Словно в каком-то оцепенении я слушала всё, что говорил Стужев. Хотелось закрыть уши ладошками, как в детстве, и громко кричать ему в лицо, что это всё не правда. Что он врёт, что всё выдумал… но я продолжала сидеть и смотреть перед собой, иногда стирая никак не желающие перестать стекать по щекам слёзы.
– С детективом отца я решил больше не связываться, хотя он подсунул мне адрес твоей матери, – Лёша с какой-то болью в голосе усмехнулся. – На самом деле, к ней я захотел съездить, чтобы убедить в очередной провокации отца, но… Это была не нанятая актриса. Твои фотографии, вещи… ну и известие о гибели.
– Нужно было искать моего отца, – едва слышно выдохнула я, до боли зажмурившись.
В голове не укладывалось, что мама могла устроить подобное. Да, отношения у нас не ладились. Да, мы редко виделись и чаще всего встречи заканчивались очередной ссорой. Но…
Она же мать!
Как она могла так поступить со мной? Как?!
– Татьяна Николаевна меня заверила, что никаких родственников, кроме неё, у тебя больше нет, – отозвался Стужев. – Отец давно умер, ты у неё единственный ребёнок, а всё остальное… твои типичные манипуляции. Она много говорила. Про деньги, про обеспеченное будущее. Про то, как ты нацелилась женить на себе богатенького мажорчика. Даже про меня ей мельком рассказывала, – он замолчал, шумно выдохнув. – У меня не было причин ей не верить. Я даже отца обвинял в том, что он подстроил ту автомобильную аварию. Довёл его до очередного приступа… правда, теперь начинаю понимать, что там и первого не было.
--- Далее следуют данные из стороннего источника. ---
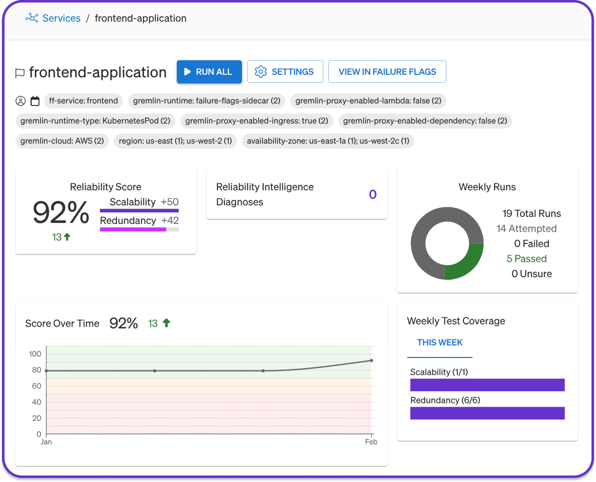 Gremlin safely simulates real failure conditions, giving you accurate, actionable data about how your systems respond, enabling you to make data-driven decisions with a provable impact on system reliability.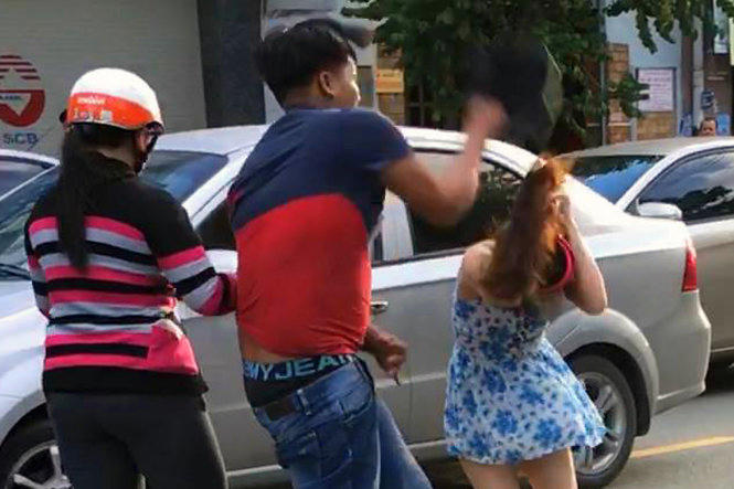 Khi di chuyển tới khu vực đường Cách Mạng Tháng 8 thì bị Tâm vượt lên chặn đầu và lấy mũ bảo hiểm đập vỡ cửa kính bên lái. Thấy vậy, chị Hà xuống xe để can ngăn thì bị Tâm dùng mũ bảo hiểm đập vào đầu rồi bỏ đi. Chứng kiến sự việc trên, nhiều người có mặt tại hiện trường đã ghi lại hình ảnh và chia sẻ lên mạng xã hội Facebook.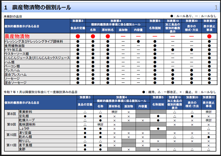 焦点となったのは別表第4 原材料の項目である。漬物の場合には「漬けた原材料」と「漬け原材料」を分けて表記することが本項内で定められており、連合会としてはこれを維持したい考え。一方分科会委員からは、①横断的ルールに沿って重量順に表記する場合でも、従来通りのグループ分け表記は可能であること②佃煮などの伝統的な食品の原材料表示で、砂糖や醤油といった調味料が主な原料より先に表示される例があること③消費者が主原料や添加物の割合を把握し、製品選びの助けとする原則から、本項目の廃止依頼が再度出された。

– Да неужели?! – оцепенение внутри сменилось волной гнева. У меня даже руки затряслись, когда я закричала, повернув голову на Стужева: – Ты уверен? Святейшей Борис Геннадиевич соврал тебе?! Быть такого не может!
– Прекрати, пожалуйста…
– Нет, это ты прекрати! – вскочив на ноги, я продолжила кричать: – Я тогда просила тебя мне поверить! Чуть ли не пальцем указывала на твоего отца, показывая его манипуляции! А сейчас ты вдруг прозрел?! Знаешь, мне уже плевать! Единственное, чего я хочу, это чтобы не ты, не твой отбитый на всю голову папаша и близко не подходил больше ни ко мне, ни к кому-либо из членов моей семьи!
– Саша…
– Не смей прикасаться ко мне! – прошипела я, выставив перед собой руки, когда он встал и сделал шаг в мою сторону.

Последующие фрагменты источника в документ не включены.